The Union Cabinet will take a call tomorrow on a bill which seeks to set up DNA data banks across India to store profiles, and also impose jail term of up to three years on those who leak the information stored in such facilities.
The draft bill also states that all DNA data including DNA profiles, DNA samples and records, will only be used for identification of the person and not for "any other purpose".
In 2017, the Law Commission of India, in its 271st report, had prepared the draft Bill called The DNA Based Technology (Use and Regulation) Bill, 2017, stressing on its usage for disaster victim identification, criminal investigation and identification of missing persons.
The Bill had invited criticism from groups who flagged privacy concerns in the procedure. Information from DNA samples gives intrustive details likes health, which can be misused. The draft Bill, however, states that all DNA data including DNA profiles, DNA samples and records, will only be used for identification of the person and not for "any other purpose".
Once approved by the Cabinet, the bill will be introduced in Parliament in the Monsoon session beginning July 18.
The draft bill, based on the one prepared by the Law Commission recently, states that national and regional DNA data banks will be set up for maintaining a national database for identification of victims, accused, suspects, undertrials, missing persons and unidentified human remains.
It states that those leaking the DNA profile information to people or entities who are not entitled to have it will be punished with a jail term of up to three years and a fine of up to Rs one lakh.
Similar punishment is also prescribed for those who seek the information on DNA profiles illegally.

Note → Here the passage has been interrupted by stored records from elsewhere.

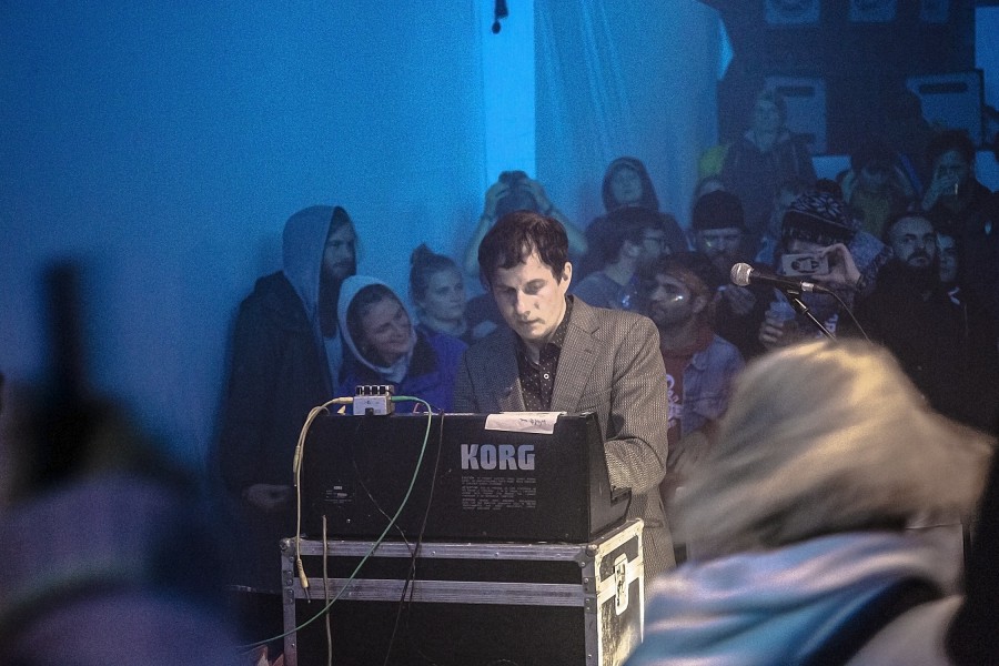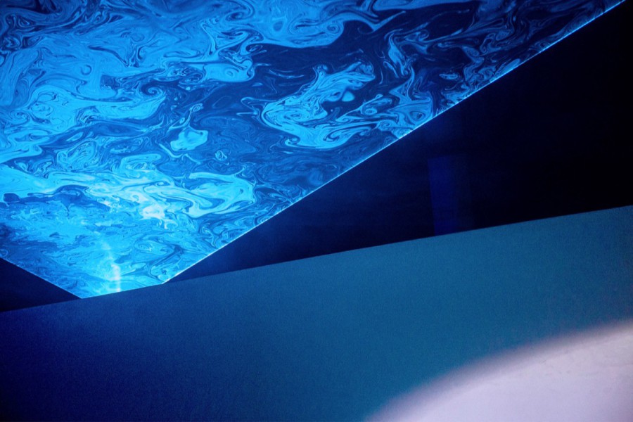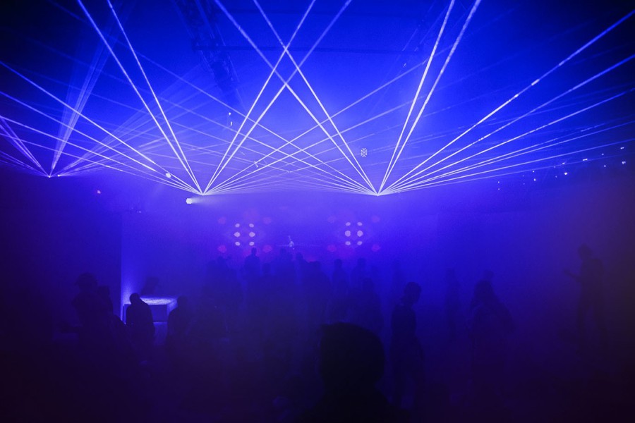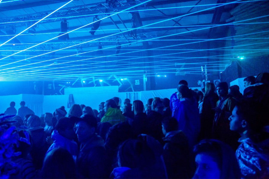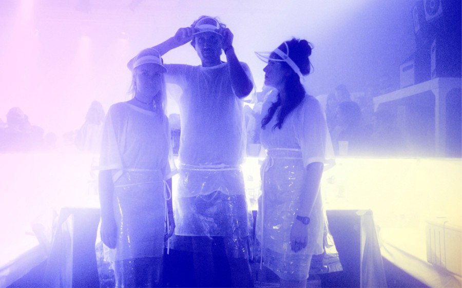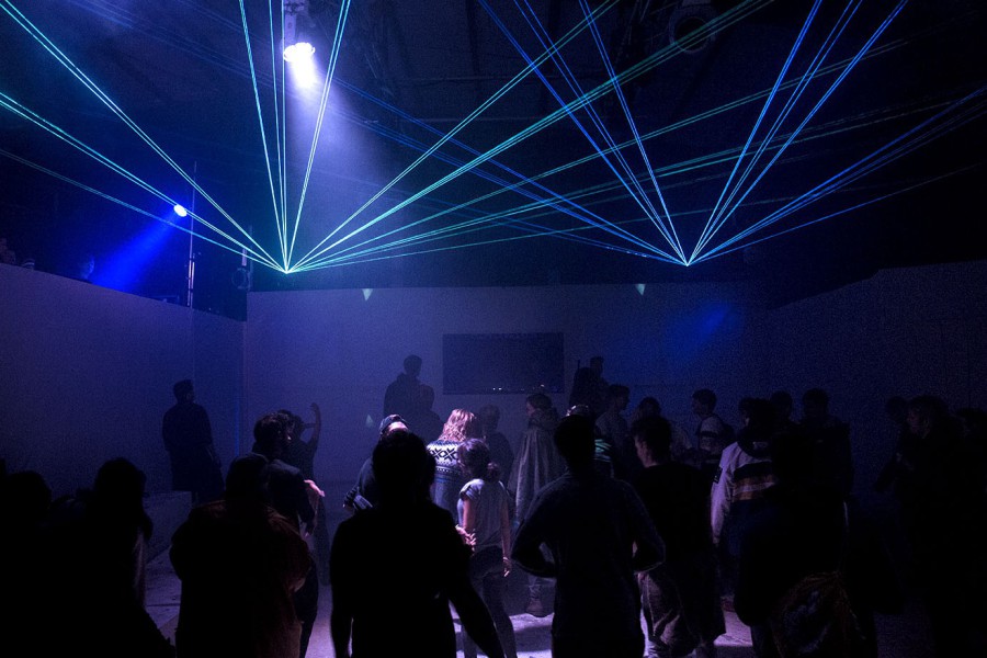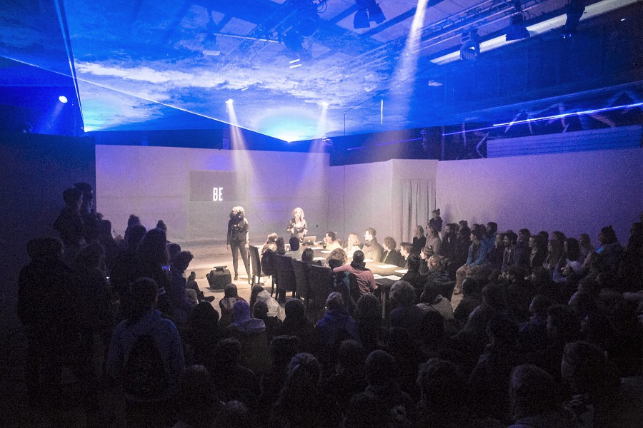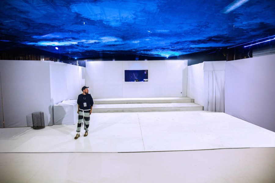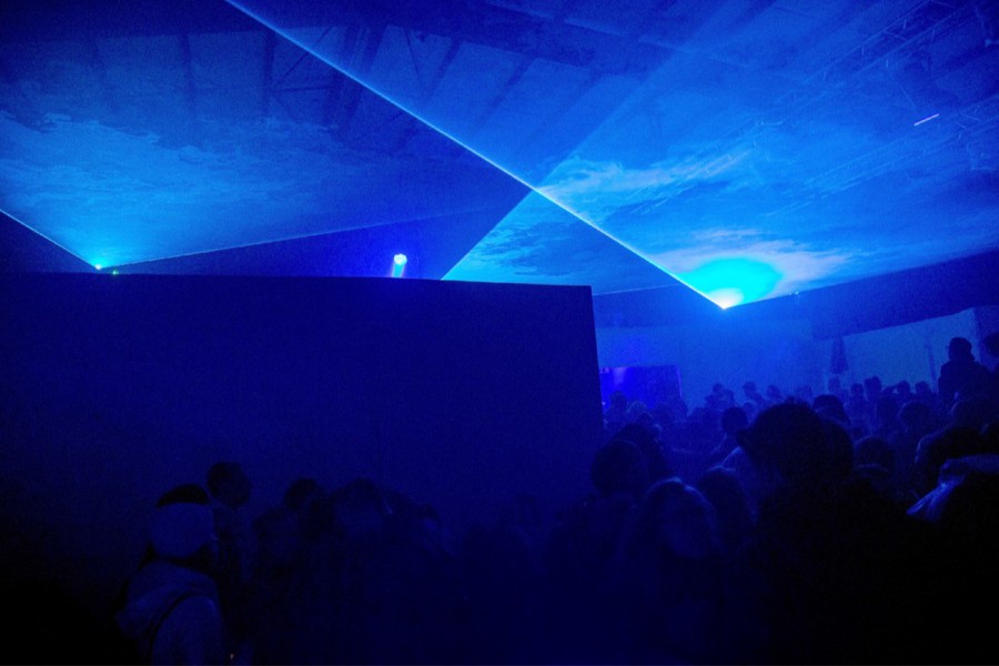 Approaching the topic of analog and digital realities, we decided to frame our stage design as both their juxtaposition and coming together. We covered the space in white by setting up 3 meter walls, topped by laser surfaces installed in the ceiling. Four laser projectors beamed blue triangles fusing with constant haze to shape a clear structured, yet diffuse cloudy space ceiling.
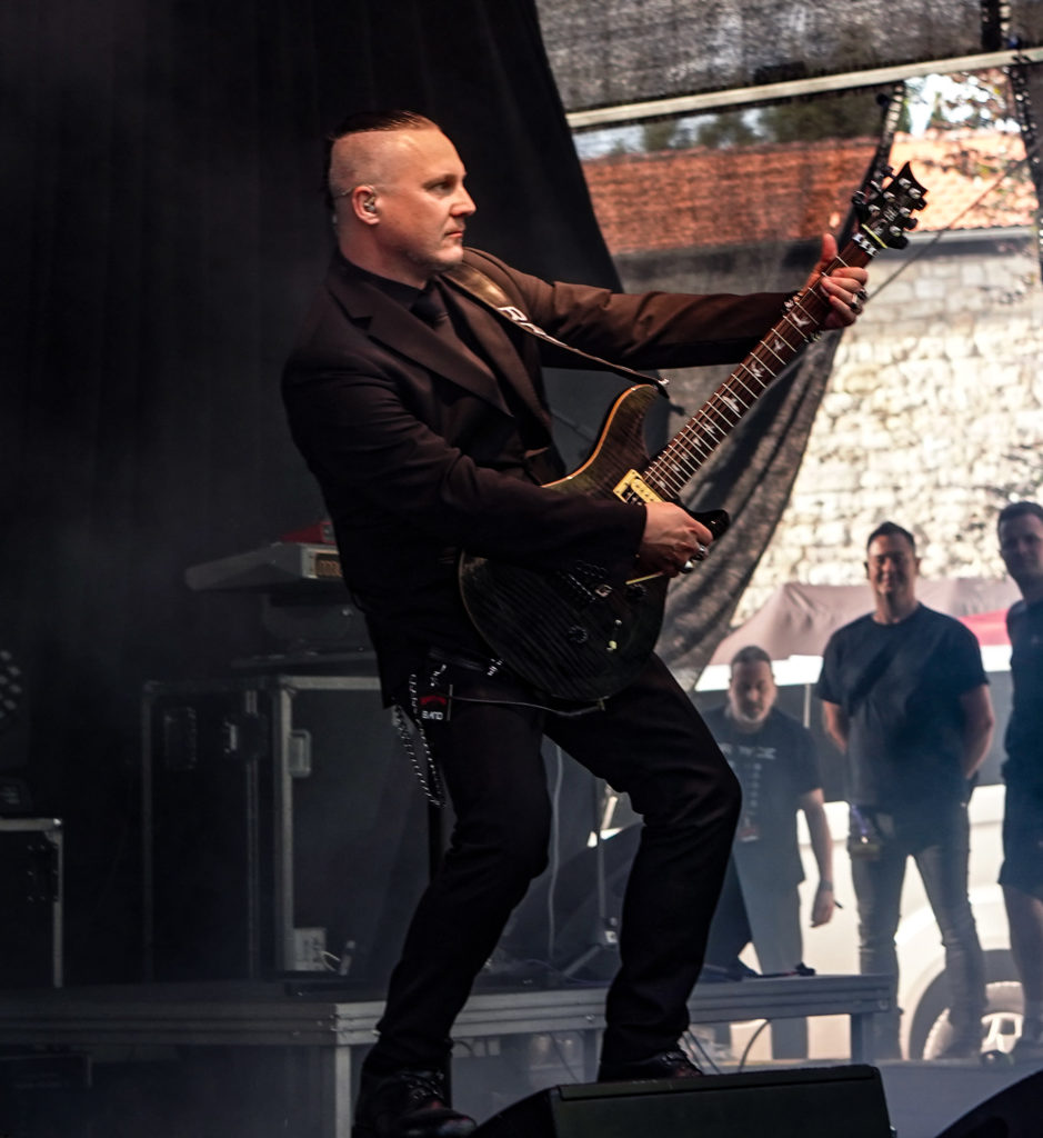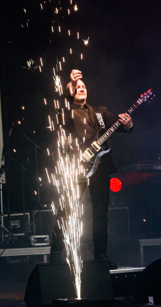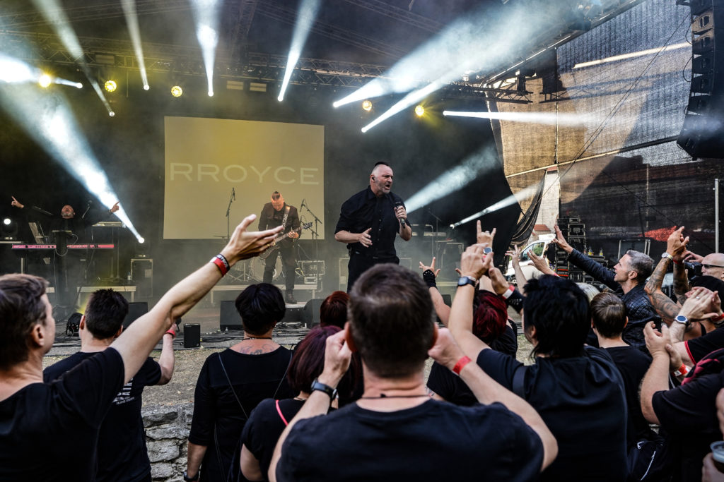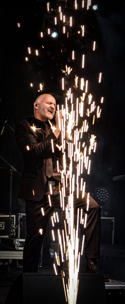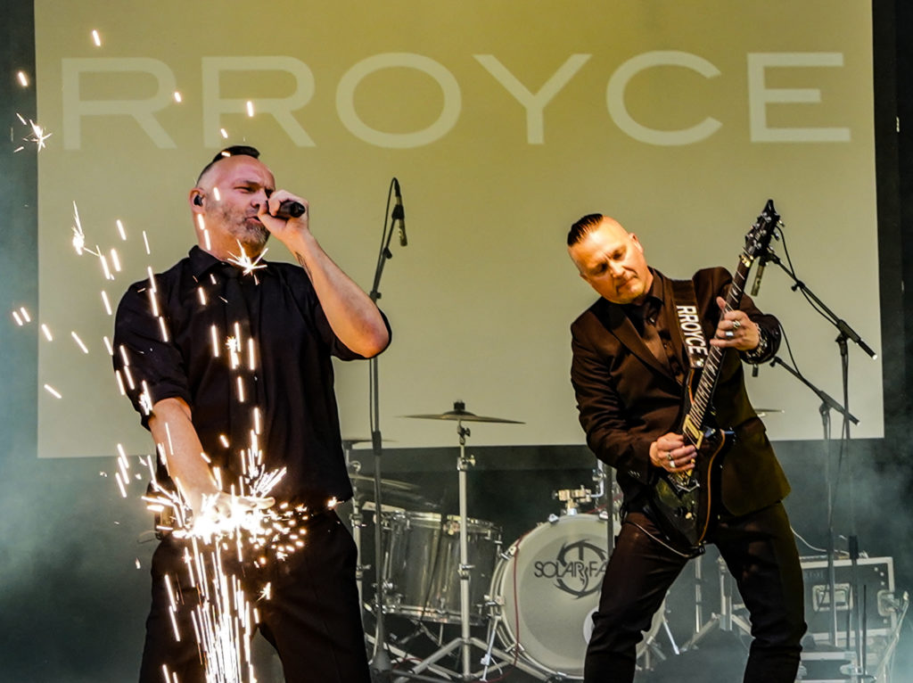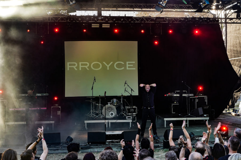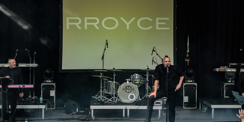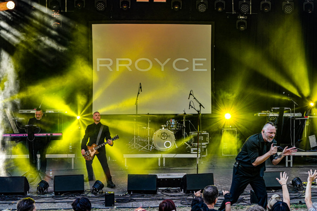Nicht nur als Moderator des Abends machte der Frontmann der nun folgenden Band einen super Job. Der zu Späßen aufgelegte Casi führte uns durch das Programm. Nun selbst mit seiner Band RROYCE auf der Bühne, wirbelte ein publikumsnaher Dortmunder über das “Parkett”, spielte im wahrsten Sinne des Wortes mit dem Feuer, dem Publikum und den Fotografen. Das Trio mit Al und Kay spielte 16 Songs, darunter “Run, Run, Run” mitten im Publikum und baute die Fans in den ersten Reihen in seine Performance ein. Es war von Minute Eins ein Vergnügen, den Anzugträgern zuzusehen und zu hören. Hier meine Eindrücke des Abends, langsam wurde es dunkler und das Licht tat sein Übriges, die Stimmung zu halten. Zu meiner großen Freude wurde auch “Paranoiac Sl” gespielt, der Ohrwurm des Sommers für mich, großartiges Video.
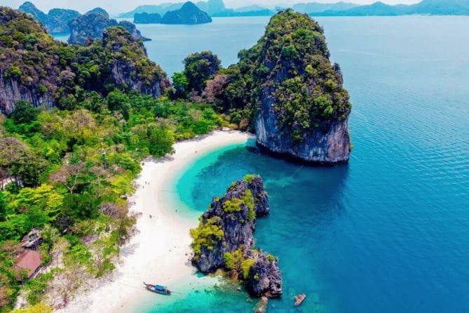 Уникальный маршрут для тех, кто хочет увидеть Краби до того, как сюда приедут толпы туристов. Утреннее море спокойное и прозрачное, острова почти безлюдны, а фотографии получаются по-настоящему волшебными. Это идеальный вариант для лёгкого путешествия: всего полдня, но максимум впечатлений.
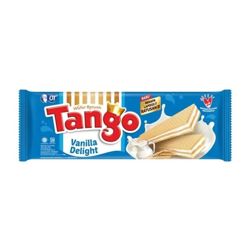 Tango Wafer Vanilla Biskuit merupakan biskuit yang terbuat dari resep ahli original (ahli pembuat cokelat) yang mengkombinasikan wafer krispi dengan susu, sehingga menghasilkan rasa yang gurih & lezat di setiap gigitannya. Ideal dinikmati saat santai Anda bersama keluarga.
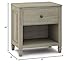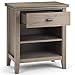 Features one (1) spacious drawer with metal drawer glides and open bottom storage area with one shelf
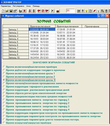 нажать кнопку «Прочитать из счетчика». В случае успешного обмена, на экране монитора, в таблице «Значений журнала событий» отобразятся данные счетчика, соответствующие выбранному значению событий. (Рис.33);
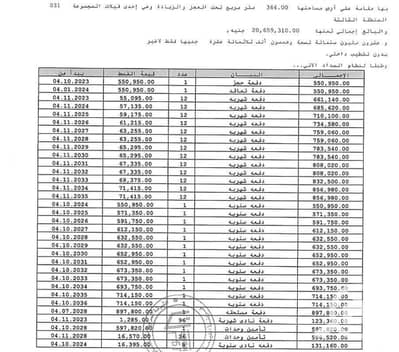 إجمالي العقد 20,659,000 تقسيط على 12 سنة
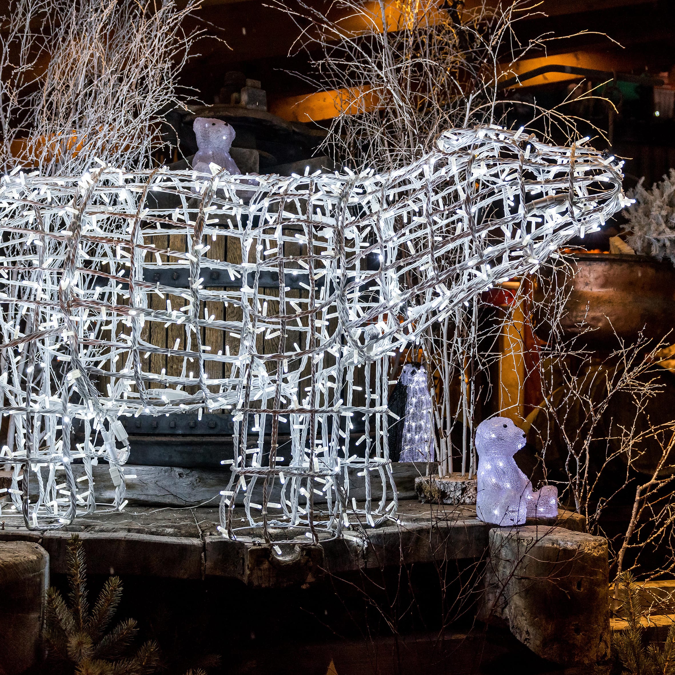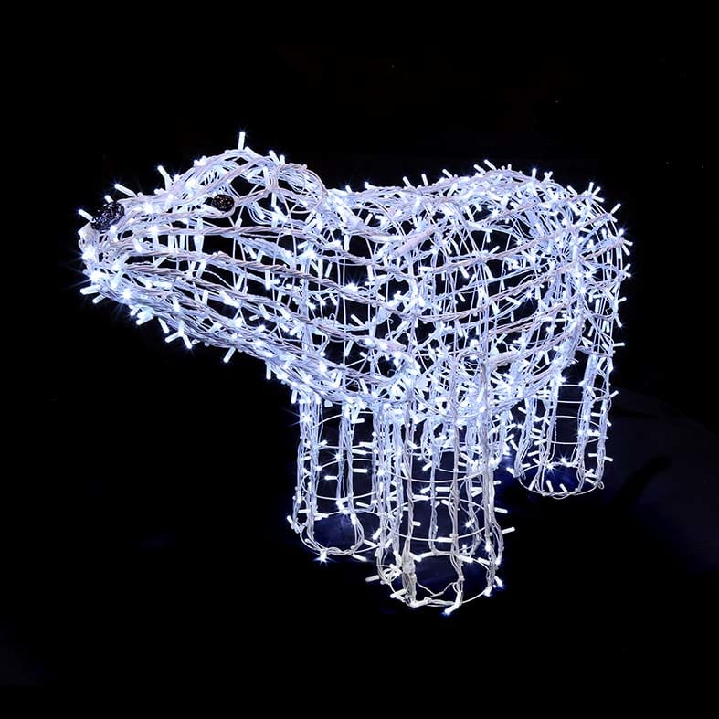 POLAR BEAR Ours polaire L1,75m x H98cm Structure métal blanche 900 LED blanc câble blanc 31V. Beau volume pour un coût maîtrisé. LED ultralumineuse & éclat : LED de haute qualité, Ø8mm, construction à diffusion multidirectionnelle qui assure une parfaite répartition de la lumière. A lester ou fixer ausol (lest & fixation non fournis)
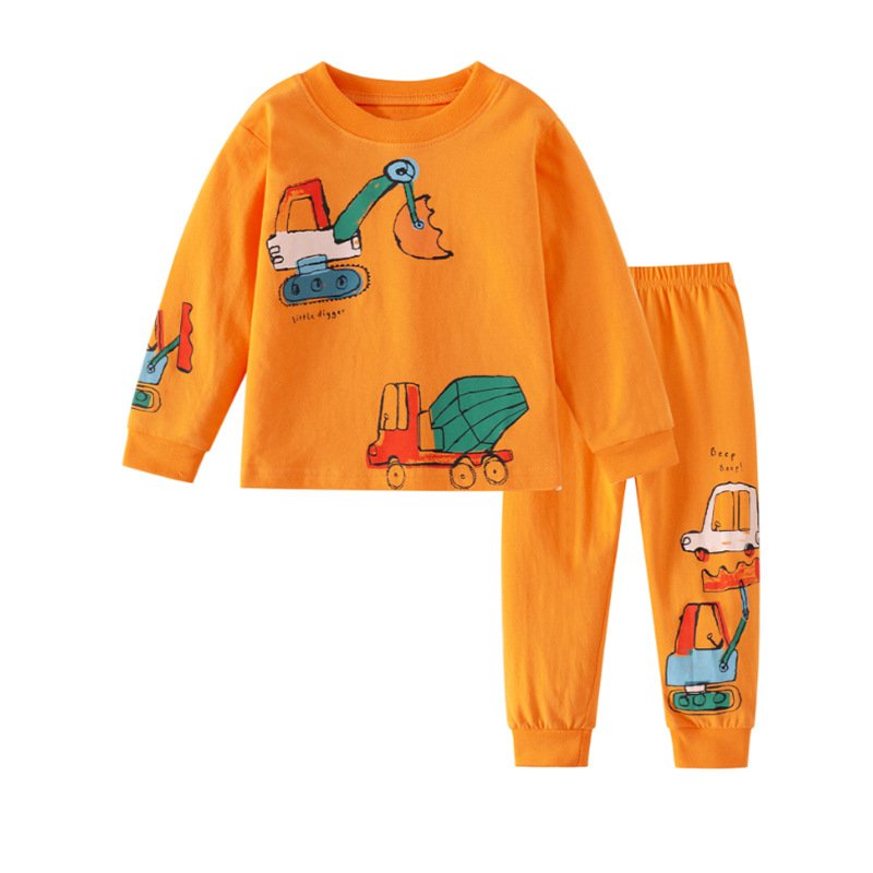 Kids Boys Fashion Cartoon Printed Long Sleeve Top Slim Fit Pants Two-Piece Set
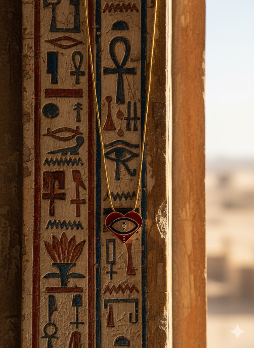 The Guarded Heart Pendant from our Evil Eye Collection is a unique amulet that combines the traditional protective eye with the universally recognised shape of the heart. Set in a deep, vibrant ruby red enamel, the central eye is a mystical blend of sapphire and gold, watching over your deepest feelings. The Guarded Heart is designed to repel emotional negativity and ill intent, allowing you to love fiercely without fear.
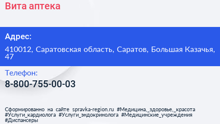 Вита, аптека по адресу 410012, Саратовская область, Саратов, Большая Казачья, 47 в дальнейшем Организация, размещена в следующих категориях:
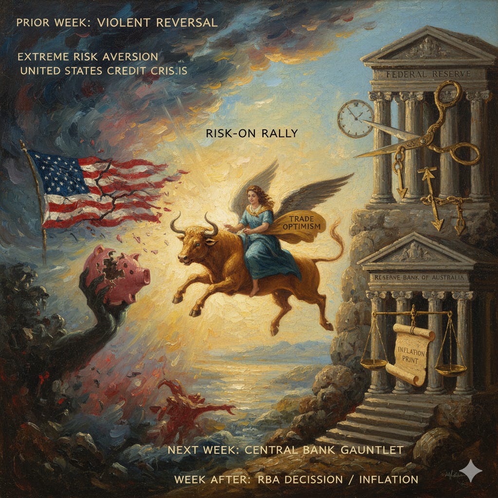 The prior week was defined by a violent reversal from extreme risk aversion, driven by fears of a United States credit crisis, to a powerful risk-on rally fueled by trade optimism.
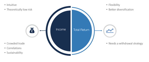This provides the opportunity to match payment requirements precisely, driven from a portfolio's total return rather than relying on a narrow set of income-based assets. We believe that combining a more balanced portfolio targeting total returns, with tailored cashflows, is a better approach for those who are seeking income.
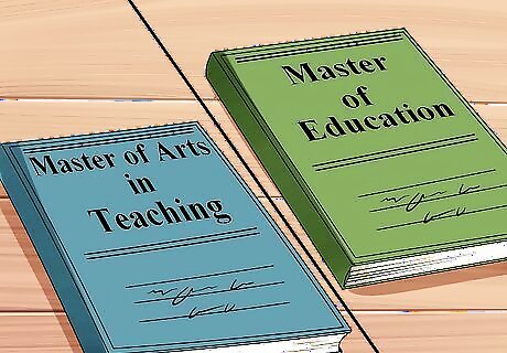 Consider which master's degree you would want. To become a teacher, there are two options: Master of Arts in Teaching and Master of Education. Both offer different programs and are geared for slightly different career paths. Master of Arts in Teaching focuses on a teacher's performance in the classroom. It offers a lot of hands on experience teaching and working with students. You will also be able to advance your expertise in the particular area you want to focus on. Master of Education focuses more on the education system itself. People with Master of Education degrees can and do stay in the classroom for the remainder of their careers, but this degree is also appropriate for people who want to advance in the field. Aspiring principals and administrators would benefit from this degree.
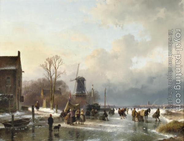 * Hand-painted Andreas Schelfhout Oil Painting Reproduction : An extensive winter landscape with numerous villagers on the ice

The government had recently informed the Supreme Court that the bill for DNA profiling to enable maintenance of records of unidentified and unclaimed dead bodies or missing persons, is likely to be brought in the upcoming session of Parliament.
A bench comprising Chief Justice Dipak Misra and justices A M Khanwilkar and D Y Chandrachud considered the statement made by Additional Solicitor General Pinky Anand, appearing for the Centre, saying the government should take steps "as expeditiously as possible".
The court was hearing a PIL stating that India did not have a national DNA database to address the issue of thousands of unclaimed dead bodies that are reported annually.
It had suggested maintaining of DNA profiles of the bodies before their disposal which could help in their identification by the family members.